Carat North America, a media buying and planning agency owned by Britain's Aegis Group, extended its services this week with the launch of a shop dedicated to interactive marketing and media services.

Called Carat Interactive, the Boston agency will initially serve clients such as Symantec, Hewlett-Packard Co., RadioShack, Pfizer and Xerox Corp. that already use Carat's media buying services offline.

Sister shop Carat Freeman has offered interactive marketing services since 1995, but this is the first time all efforts have been united under one corporate umbrella.

“What Aegis and Carat have decided is that this is very important and it needs structure and process behind it,” said Sarah Fay, president of Carat Interactive and previously managing director of the interactive services and business-to-business divisions at Carat Freeman, Newton, MA.

In addition to online media buying and planning, Carat Interactive will offer performance marketing and electronic customer relationship management services, affiliate programs and testing of new technologies to gauge their marketing value.

Fay does not think the Carat Interactive launch is late.

“I suppose it would have been prescient to have done this a couple of years ago,” she said, “but most of our clients are traditional companies, and most of them are just waking up to realizing that their target audiences are spending a significant amount of time online, so they need to be there.”

Not that all Carat Interactive clients are picks from an existing customer base or bricks-and-mortar brands. The agency signed Winfreestuff.com and online information technology publication TechWeb late last month.

In the case of Winfreestuff, Omaha, NE, Carat Interactive will offer services that include online advertising, affiliate marketing and eCRM.

“[But] the ideal target is our Carat clients that are looking for integrated solutions,” Fay said. “We're an immediate resource for Carat clients.”

Besides Boston, Carat Interactive has offices in New York, San Francisco, Los Angeles and Chicago. In all, 45 executives work at the company, which projects first-year billings of $100 million.

Carat believes its experience in media buying justifies its entry into the interactive marketing services arena. The agency's European counterparts have been offering these interactive services since 1997.

“Carat has always had a broader definition of what media is,” Fay said. “[Interactive services are] all an extension of message delivery.”

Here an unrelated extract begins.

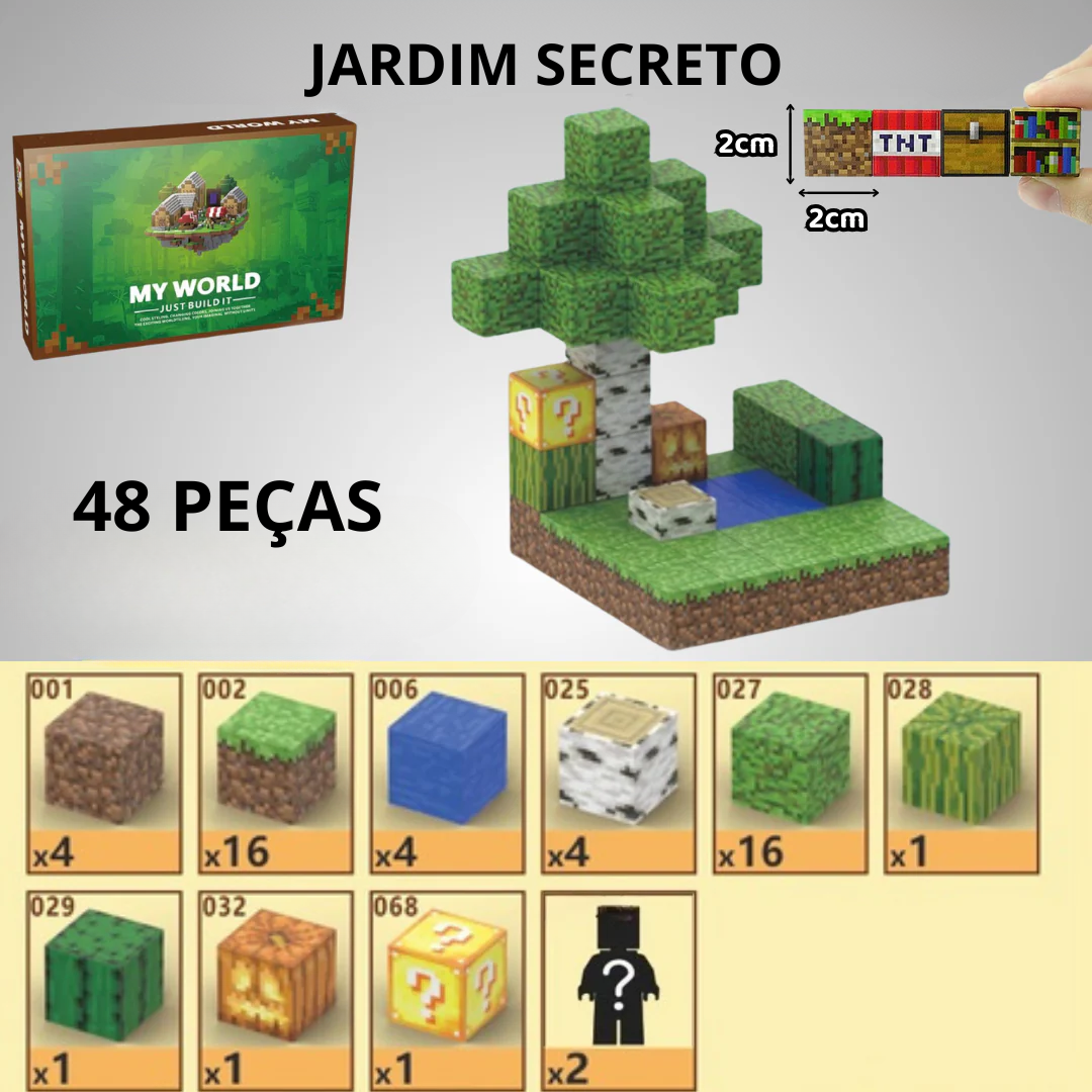 Inspiração Minecraft: Com cores vibrantes e formatos inspirados no universo icônico de Minecraft, essas peças são instantaneamente cativantes para as crianças. Elas podem criar personagens, cenários e estruturas como no jogo, mas agora ao alcance das mãos!

In fact, she believes all forms of media ultimately will become eCRM programs. The agency is now gearing to meet the next hot development in the media world, she said.

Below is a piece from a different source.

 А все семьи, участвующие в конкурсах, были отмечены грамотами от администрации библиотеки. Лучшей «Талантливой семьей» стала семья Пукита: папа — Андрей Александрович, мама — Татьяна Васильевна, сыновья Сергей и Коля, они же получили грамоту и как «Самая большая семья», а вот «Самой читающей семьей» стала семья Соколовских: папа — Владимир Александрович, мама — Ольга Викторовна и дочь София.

“The next wave of interactive that is coming is interactive TV,” Fay said. “Because of Carat's focus on the TV market [as a media buyer], this is a very important market for us to claim. We're perfectly positioned.”

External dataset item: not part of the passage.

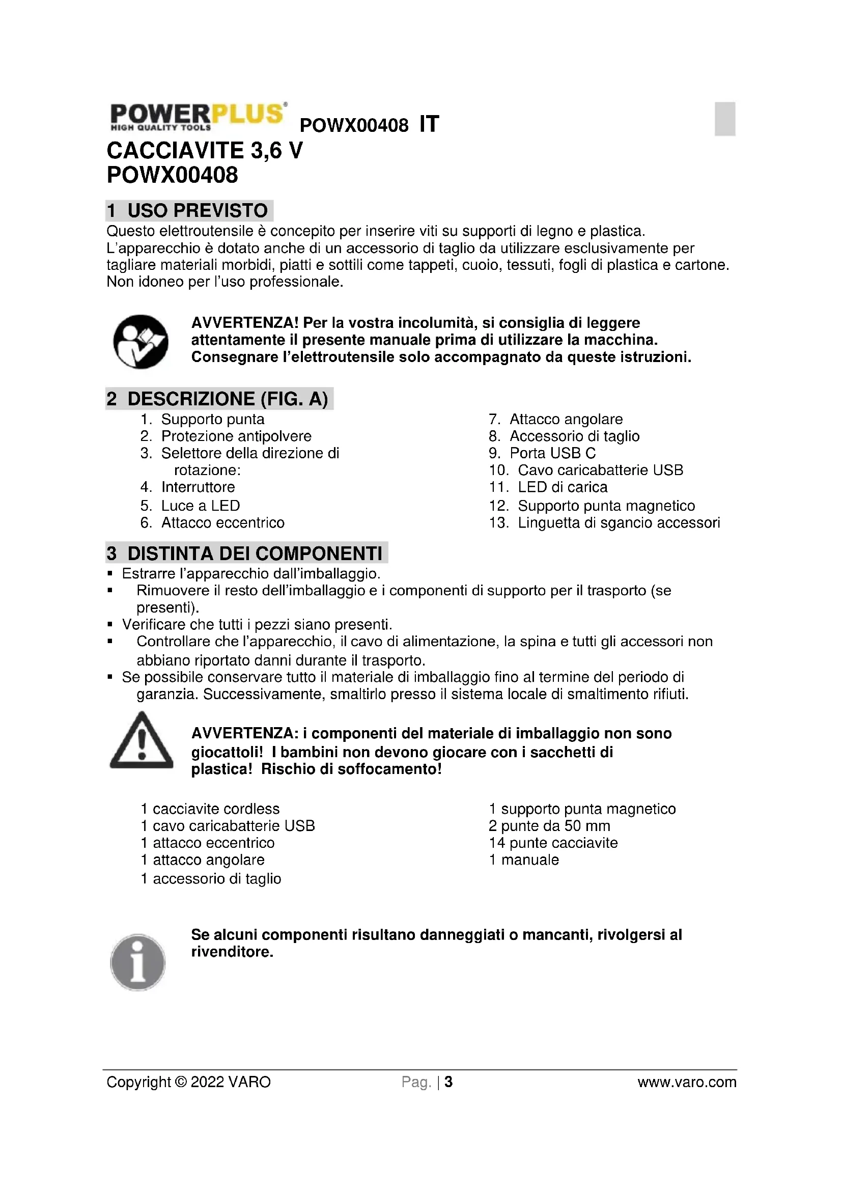 Copyright © 2022 VARO Pag. | 3 www.varo.com CACCIAVITE 3,6 V POWX00408 1 USO PREVISTO Questo elettroutensile è concepito per inserire viti su supporti di legno e plastica. L’apparecchio è dotato anche di un accessorio di taglio da utilizzare esclusivamente per tagliare materiali morbidi, piatti e sottili come tappeti, cuoio, tessuti, fogli di plastica e cartone. Non idoneo per l’uso professionale. AVVERTENZA! Per la vostra incolumità, si consiglia di leggere attentamente il presente manuale prima di utilizzare la macchina. Consegnare l’elettroutensile solo accompagnato da queste istruzioni. 2 DESCRIZIONE (FIG. A)

Carat North America last year accounted for billings of $3 billion out of Carat Group's worldwide tally of $12 billion. Carat entered the United States in 1997 after buying Freeman Associates, Newton, MA.

The agency's interactive services arm is particularly proud of what it calls its “innovation engine,” a team of executives who review, test and implement new technology.

Next month, Carat Interactive will announce a consortium of clients that will partner with the agency to test various interactive TV platforms such as WINK, TiVo, Capture and GemStar/TV Guide, all of which allow viewers to respond to TV offers via a hand-held remote control.